• **TASK DIRECTIONS**: In full and exactly, please return the records, but keep out the pictures.

▽

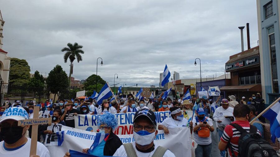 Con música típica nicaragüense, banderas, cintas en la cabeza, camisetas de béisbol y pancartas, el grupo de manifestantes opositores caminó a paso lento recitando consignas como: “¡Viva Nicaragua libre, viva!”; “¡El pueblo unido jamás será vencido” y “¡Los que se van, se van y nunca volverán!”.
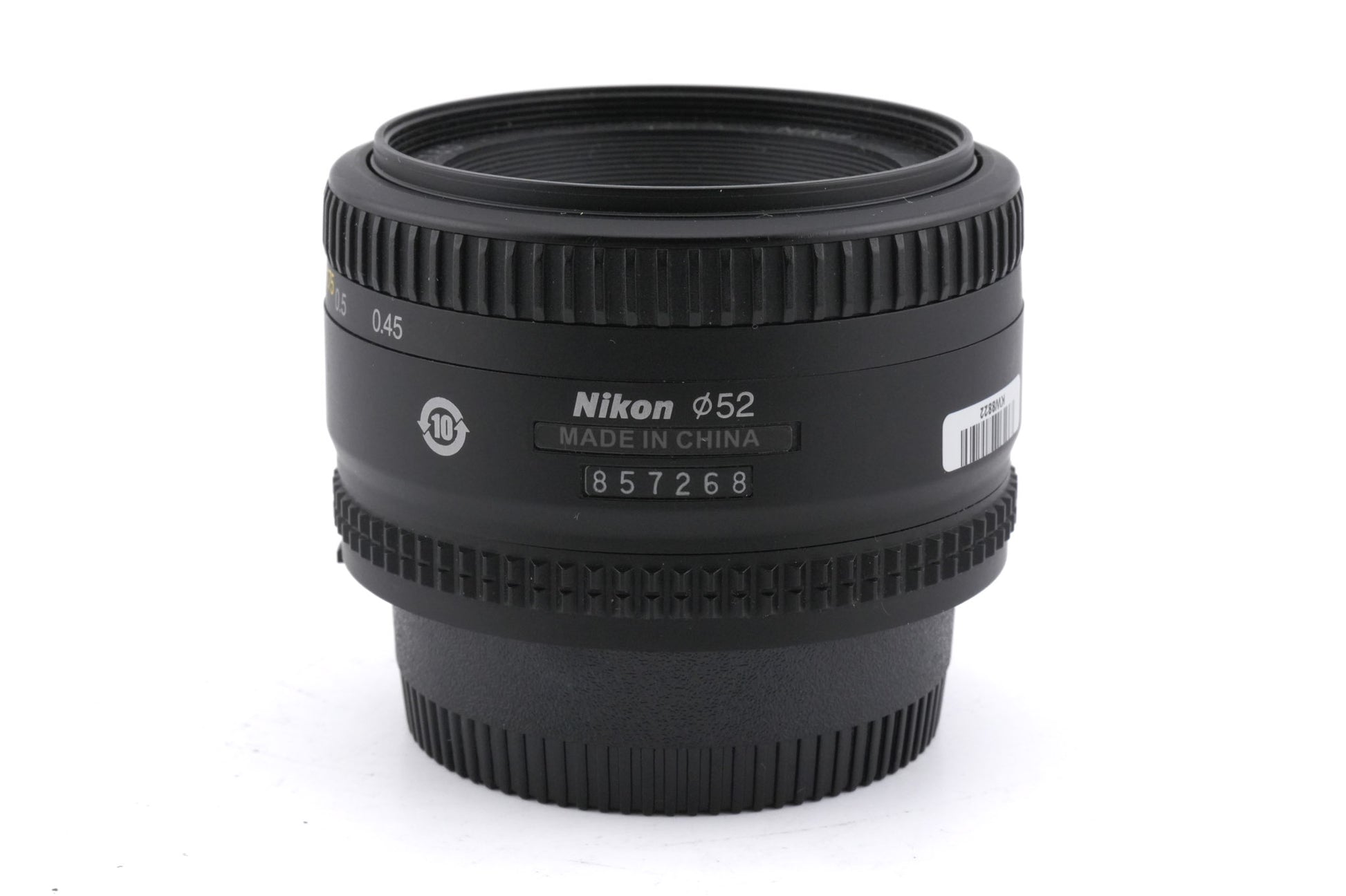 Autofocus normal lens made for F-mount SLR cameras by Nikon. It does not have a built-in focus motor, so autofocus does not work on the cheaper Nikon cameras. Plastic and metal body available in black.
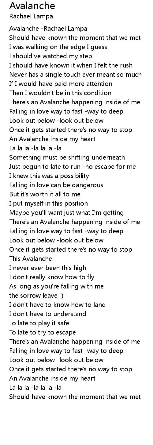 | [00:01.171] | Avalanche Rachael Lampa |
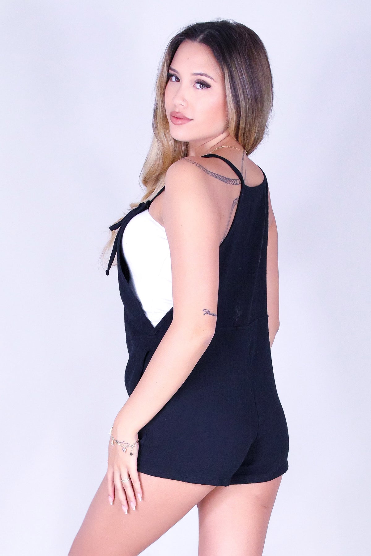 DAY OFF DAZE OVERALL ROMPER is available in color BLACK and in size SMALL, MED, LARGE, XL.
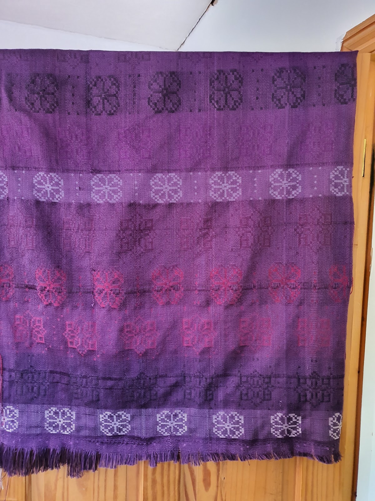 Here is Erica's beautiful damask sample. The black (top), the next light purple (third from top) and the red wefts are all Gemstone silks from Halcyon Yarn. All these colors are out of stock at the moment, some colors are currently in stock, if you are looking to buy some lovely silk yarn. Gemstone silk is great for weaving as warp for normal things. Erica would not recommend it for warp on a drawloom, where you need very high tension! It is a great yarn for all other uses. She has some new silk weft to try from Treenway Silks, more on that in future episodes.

△

• **WRITTEN RESPONSE**:
 Con música típica nicaragüense, banderas, cintas en la cabeza, camisetas de béisbol y pancartas, el grupo de manifestantes opositores caminó a paso lento recitando consignas como: “¡Viva Nicaragua libre, viva!”; “¡El pueblo unido jamás será vencido” y “¡Los que se van, se van y nunca volverán!”.
 Autofocus normal lens made for F-mount SLR cameras by Nikon. It does not have a built-in focus motor, so autofocus does not work on the cheaper Nikon cameras. Plastic and metal body available in black.
 | [00:01.171] | Avalanche Rachael Lampa |
 DAY OFF DAZE OVERALL ROMPER is available in color BLACK and in size SMALL, MED, LARGE, XL.
 Here is Erica's beautiful damask sample. The black (top), the next light purple (third from top) and the red wefts are all Gemstone silks from Halcyon Yarn. All these colors are out of stock at the moment, some colors are currently in stock, if you are looking to buy some lovely silk yarn. Gemstone silk is great for weaving as warp for normal things. Erica would not recommend it for warp on a drawloom, where you need very high tension! It is a great yarn for all other uses. She has some new silk weft to try from Treenway Silks, more on that in future episodes.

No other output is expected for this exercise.